Monday, May 25, 2009

The Old Market House in the News

Indirectly, of course, since it was demolished in the late 1950s.


The article is here, and is about delays in the project due to unforseen site conditions, long lead times for certain items, and RTA blaming the contractor.

The contractor notes the unforseen site issues in the passage below. The underlined items sound like remnants of the old market house or its neighbors, since buildings along North and South Market had under-sidewalk and perhaps under-street vaults.
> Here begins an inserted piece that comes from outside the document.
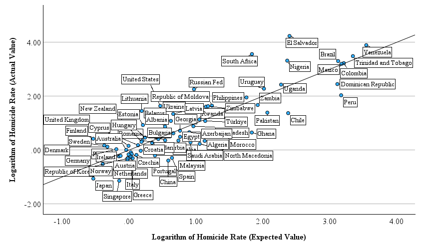 We don’t have very good international data for overall crime rates, but murder rate comparisons are common. Below, I examined a variation in homicide rates (converted to a logarithm). After accounting for a few relevant factors, we can see that homicide rates in the United States are a bit higher (actual value) than we would expect (expected/predicted value). Nations that are close to the U.S. in predicted/expected values are often located in Eastern Europe (Hungary, Bulgaria, Georgia, etc.). This would suggest our homicide rate could come down below 3 per 100,000, depending upon which nation is selected as comparison.10

And maybe the market itself had a basement:
Link
Myers said construction problems relate directly to the unique circumstances of the site, a narrow space between buildings formerly called Market Street. Underground issues included foundations that were not known to be there, existing utilities that had to be rerouted or modified, electrical problems, basements and vaults, and a gas line that was supposed to be there but could not be found.
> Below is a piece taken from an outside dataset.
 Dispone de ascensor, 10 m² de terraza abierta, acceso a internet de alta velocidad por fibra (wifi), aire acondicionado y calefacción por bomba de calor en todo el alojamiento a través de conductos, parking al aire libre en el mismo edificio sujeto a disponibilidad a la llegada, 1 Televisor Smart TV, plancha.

Too bad no one thought to do subsurface investigation here. Perhaps this was even an opportunity to do some urban archeology.
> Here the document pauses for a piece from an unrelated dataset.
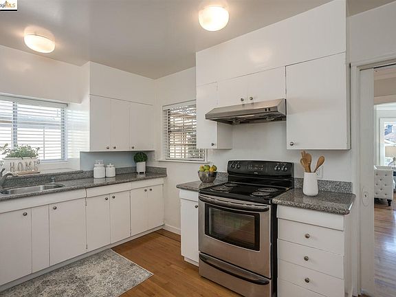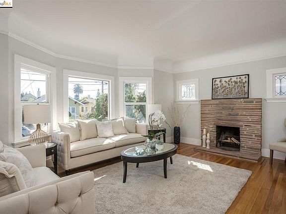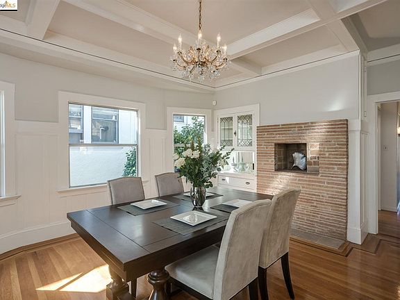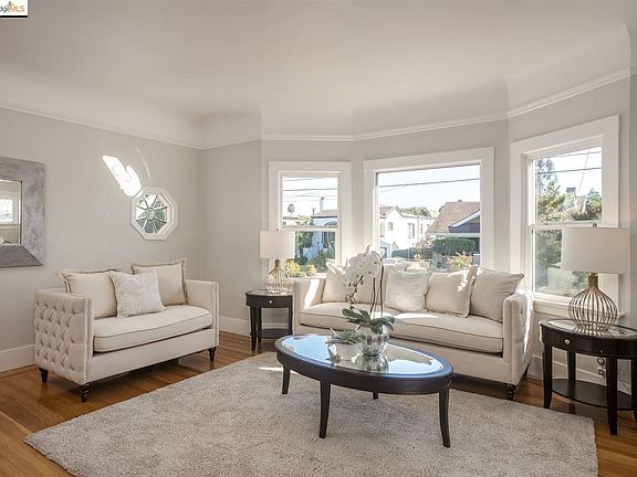 Spacious Craftsman home features original period details such as perimeter inlaid hardwood floors, beveled glass windows, gorgeous box beam & 9 ft. cove ceilings. Rooms galore in full finished 1,423 sq ft basement for lots of storage. Plus room/den/office upstairs. 2 fireplaces, granite kitchen counter & new bath tile flooring. Interior staircase and separate basement entry door. Long driveway for parking. Open House 9/28 & 9/29 Noon to 5pm. Tall attic. County assessor's records recently increased "Building Area" to 2,988 sq ft and added upstairs half bath. County Assessor records show 5 BR, 2.5 BA, 2 stories and city permit history shows 1 story. Public records differ. Accuracy of description including, but not limited to, #BR, #BA, stories, sq ft, room count is not verified or guaranteed by sellers or agents. Easy access to ferries, AC transit, shopping, restaurants, schools and beach.

For more on the market house and neighboring buildings (lengthy map and pix essay):

From Market House to Bus Hub




Sunday, May 24, 2009

Bank Street in the News Today

The wide open spaces of a part of Wright-Dunbar are explained in the Dayton Daily News today.

Apparenlty they are owned by the city and Sinclair College, part of an expansion plan (which has been "released", but not published) to take over more of West Dayton between Edwin C Moses and the river levee.

And there is one holdout owner, Donald Farra, who refuses to sell: Sinclair, Retiree Battle for Land.

Interestingly, his house appears in a Daytonology post of last year: The Last of Bank Street...
and a susbesquent post chronicles the elimination of a neighbor The Last of Bank Street Revisited.

The DDN article also indirectly explains a puzzing aspect of the demolition covered in Bank Street Revisited, which is why the city bothered to demolish a house in an area of empty land when there are worse nuisance vacacnies in the city?. Answer: it wasn't the city, it was Sinclair.

Suprisingly, no one has questioned if this is the best use of the property. This is right on the river, and is already semi-wooded land from the demolished neighborhood that once stood here. One would have expected a Wright-Dunbar Phase II, closer to the river, levee walk, and bikepath. Instead we are going to get some banal, monolithic institutional building surrounded by parking or at best empty lawns, since that is the "Sinclair Style".

And Dayton will become just a little more dreary.